YOUR ASSIGNMENT:
Look through the records below for the line with "集会後、各クラスに戻って学級". Return that line and each one after it up to and including the line with "Description : Jeans", exactly.

BEGIN GIVEN ENTRIES

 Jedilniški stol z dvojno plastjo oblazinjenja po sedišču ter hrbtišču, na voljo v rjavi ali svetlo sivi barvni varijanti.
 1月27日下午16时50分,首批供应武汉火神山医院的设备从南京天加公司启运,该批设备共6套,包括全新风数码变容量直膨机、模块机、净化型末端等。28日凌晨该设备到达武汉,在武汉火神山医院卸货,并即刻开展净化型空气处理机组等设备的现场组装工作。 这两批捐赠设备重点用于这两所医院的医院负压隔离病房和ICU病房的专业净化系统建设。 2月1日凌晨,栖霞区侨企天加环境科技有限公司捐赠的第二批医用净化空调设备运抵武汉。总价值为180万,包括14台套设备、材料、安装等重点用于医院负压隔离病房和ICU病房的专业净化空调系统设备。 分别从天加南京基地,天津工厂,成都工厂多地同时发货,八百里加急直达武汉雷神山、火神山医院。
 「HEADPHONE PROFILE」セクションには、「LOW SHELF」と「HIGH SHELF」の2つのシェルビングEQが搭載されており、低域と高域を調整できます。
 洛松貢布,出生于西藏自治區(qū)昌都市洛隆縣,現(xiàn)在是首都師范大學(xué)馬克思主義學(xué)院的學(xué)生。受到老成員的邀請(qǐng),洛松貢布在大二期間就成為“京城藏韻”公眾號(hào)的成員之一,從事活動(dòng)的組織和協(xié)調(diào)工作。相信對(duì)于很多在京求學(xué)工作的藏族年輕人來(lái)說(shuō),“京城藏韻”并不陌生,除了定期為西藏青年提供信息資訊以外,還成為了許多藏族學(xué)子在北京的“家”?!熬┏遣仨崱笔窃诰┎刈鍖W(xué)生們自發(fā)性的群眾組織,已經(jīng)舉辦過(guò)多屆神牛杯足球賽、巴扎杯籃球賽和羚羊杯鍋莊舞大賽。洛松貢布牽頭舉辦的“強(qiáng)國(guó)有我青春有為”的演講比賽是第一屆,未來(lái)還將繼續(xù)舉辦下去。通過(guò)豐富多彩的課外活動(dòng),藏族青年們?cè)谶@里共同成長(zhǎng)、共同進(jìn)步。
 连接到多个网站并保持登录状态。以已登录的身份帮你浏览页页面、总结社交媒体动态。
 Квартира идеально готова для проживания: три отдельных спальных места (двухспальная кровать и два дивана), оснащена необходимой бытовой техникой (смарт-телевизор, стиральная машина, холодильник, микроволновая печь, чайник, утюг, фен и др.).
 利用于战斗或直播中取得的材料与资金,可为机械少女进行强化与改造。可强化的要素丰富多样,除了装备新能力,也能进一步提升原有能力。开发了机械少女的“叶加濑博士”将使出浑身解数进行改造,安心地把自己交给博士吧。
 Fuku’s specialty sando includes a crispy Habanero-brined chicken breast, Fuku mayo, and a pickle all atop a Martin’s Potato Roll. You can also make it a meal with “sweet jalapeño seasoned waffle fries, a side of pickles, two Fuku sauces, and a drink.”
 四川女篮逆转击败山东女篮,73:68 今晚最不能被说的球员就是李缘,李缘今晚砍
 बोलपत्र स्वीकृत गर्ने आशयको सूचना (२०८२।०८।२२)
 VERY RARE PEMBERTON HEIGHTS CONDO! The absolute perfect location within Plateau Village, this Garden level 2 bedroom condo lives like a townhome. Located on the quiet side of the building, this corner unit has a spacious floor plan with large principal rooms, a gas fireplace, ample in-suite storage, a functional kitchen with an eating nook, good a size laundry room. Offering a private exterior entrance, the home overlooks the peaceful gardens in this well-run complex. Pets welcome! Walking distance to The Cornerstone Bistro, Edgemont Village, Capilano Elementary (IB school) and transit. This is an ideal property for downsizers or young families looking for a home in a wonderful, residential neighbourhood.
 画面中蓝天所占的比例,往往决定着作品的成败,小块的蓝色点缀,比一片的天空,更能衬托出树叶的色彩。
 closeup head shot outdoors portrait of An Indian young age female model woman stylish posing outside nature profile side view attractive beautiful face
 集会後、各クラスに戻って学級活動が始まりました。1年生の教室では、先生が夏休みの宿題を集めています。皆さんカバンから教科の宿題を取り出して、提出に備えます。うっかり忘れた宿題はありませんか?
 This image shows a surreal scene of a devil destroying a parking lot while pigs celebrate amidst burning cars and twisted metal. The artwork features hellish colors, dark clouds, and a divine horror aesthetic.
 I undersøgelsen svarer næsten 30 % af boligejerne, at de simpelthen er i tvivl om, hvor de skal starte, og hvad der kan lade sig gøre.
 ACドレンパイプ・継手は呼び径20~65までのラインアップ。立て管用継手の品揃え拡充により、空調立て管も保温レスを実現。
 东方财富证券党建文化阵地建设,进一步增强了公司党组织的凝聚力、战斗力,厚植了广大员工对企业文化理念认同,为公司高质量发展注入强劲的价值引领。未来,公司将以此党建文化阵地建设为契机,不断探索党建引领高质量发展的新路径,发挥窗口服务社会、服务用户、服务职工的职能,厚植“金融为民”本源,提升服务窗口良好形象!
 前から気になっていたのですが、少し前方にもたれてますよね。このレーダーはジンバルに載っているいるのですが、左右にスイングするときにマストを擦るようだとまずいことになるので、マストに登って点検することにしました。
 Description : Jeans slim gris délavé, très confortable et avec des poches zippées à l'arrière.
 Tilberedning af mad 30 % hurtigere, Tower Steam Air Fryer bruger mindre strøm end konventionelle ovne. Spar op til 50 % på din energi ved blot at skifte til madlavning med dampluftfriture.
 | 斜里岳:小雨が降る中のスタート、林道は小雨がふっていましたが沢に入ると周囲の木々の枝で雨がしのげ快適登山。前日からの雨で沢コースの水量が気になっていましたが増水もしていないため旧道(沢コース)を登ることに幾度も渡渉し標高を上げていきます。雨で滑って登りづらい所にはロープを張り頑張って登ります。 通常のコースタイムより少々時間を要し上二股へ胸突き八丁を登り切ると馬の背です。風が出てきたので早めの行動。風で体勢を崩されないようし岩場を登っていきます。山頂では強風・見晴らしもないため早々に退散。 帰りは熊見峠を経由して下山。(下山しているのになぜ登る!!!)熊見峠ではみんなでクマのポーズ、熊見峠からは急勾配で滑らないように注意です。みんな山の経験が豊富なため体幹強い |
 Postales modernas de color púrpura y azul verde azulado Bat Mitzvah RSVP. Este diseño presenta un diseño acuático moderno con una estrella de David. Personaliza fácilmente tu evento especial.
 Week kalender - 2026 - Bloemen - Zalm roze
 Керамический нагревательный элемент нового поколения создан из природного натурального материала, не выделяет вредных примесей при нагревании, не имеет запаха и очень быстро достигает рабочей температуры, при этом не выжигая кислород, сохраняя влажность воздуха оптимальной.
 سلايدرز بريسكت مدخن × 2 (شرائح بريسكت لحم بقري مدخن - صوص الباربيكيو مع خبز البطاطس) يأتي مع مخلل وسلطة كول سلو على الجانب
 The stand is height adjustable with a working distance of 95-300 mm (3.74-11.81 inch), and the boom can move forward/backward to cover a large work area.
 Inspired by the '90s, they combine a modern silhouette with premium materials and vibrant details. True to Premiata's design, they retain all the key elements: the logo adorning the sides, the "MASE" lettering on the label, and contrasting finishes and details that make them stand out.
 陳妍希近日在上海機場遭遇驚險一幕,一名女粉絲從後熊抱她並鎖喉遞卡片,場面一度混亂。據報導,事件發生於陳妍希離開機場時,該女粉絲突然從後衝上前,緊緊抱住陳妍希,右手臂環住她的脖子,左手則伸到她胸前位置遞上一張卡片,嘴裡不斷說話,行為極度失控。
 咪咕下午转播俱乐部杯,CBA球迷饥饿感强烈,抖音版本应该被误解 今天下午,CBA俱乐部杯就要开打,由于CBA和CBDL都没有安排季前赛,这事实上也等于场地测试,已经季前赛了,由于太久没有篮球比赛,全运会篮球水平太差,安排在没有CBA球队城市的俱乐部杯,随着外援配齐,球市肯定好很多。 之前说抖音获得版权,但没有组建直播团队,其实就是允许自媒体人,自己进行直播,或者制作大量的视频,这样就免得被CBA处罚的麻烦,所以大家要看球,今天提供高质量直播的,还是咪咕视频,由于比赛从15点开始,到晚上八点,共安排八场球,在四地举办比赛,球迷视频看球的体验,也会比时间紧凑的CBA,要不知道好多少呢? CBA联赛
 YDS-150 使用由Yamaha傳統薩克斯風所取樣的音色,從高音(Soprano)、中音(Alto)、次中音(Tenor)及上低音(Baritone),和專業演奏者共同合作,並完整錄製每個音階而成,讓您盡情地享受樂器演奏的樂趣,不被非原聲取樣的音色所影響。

END GIVEN ENTRIES

ANSWER SPACE:
 集会後、各クラスに戻って学級活動が始まりました。1年生の教室では、先生が夏休みの宿題を集めています。皆さんカバンから教科の宿題を取り出して、提出に備えます。うっかり忘れた宿題はありませんか?
 This image shows a surreal scene of a devil destroying a parking lot while pigs celebrate amidst burning cars and twisted metal. The artwork features hellish colors, dark clouds, and a divine horror aesthetic.
 I undersøgelsen svarer næsten 30 % af boligejerne, at de simpelthen er i tvivl om, hvor de skal starte, og hvad der kan lade sig gøre.
 ACドレンパイプ・継手は呼び径20~65までのラインアップ。立て管用継手の品揃え拡充により、空調立て管も保温レスを実現。
 东方财富证券党建文化阵地建设,进一步增强了公司党组织的凝聚力、战斗力,厚植了广大员工对企业文化理念认同,为公司高质量发展注入强劲的价值引领。未来,公司将以此党建文化阵地建设为契机,不断探索党建引领高质量发展的新路径,发挥窗口服务社会、服务用户、服务职工的职能,厚植“金融为民”本源,提升服务窗口良好形象!
 前から気になっていたのですが、少し前方にもたれてますよね。このレーダーはジンバルに載っているいるのですが、左右にスイングするときにマストを擦るようだとまずいことになるので、マストに登って点検することにしました。
 Description : Jeans slim gris délavé, très confortable et avec des poches zippées à l'arrière.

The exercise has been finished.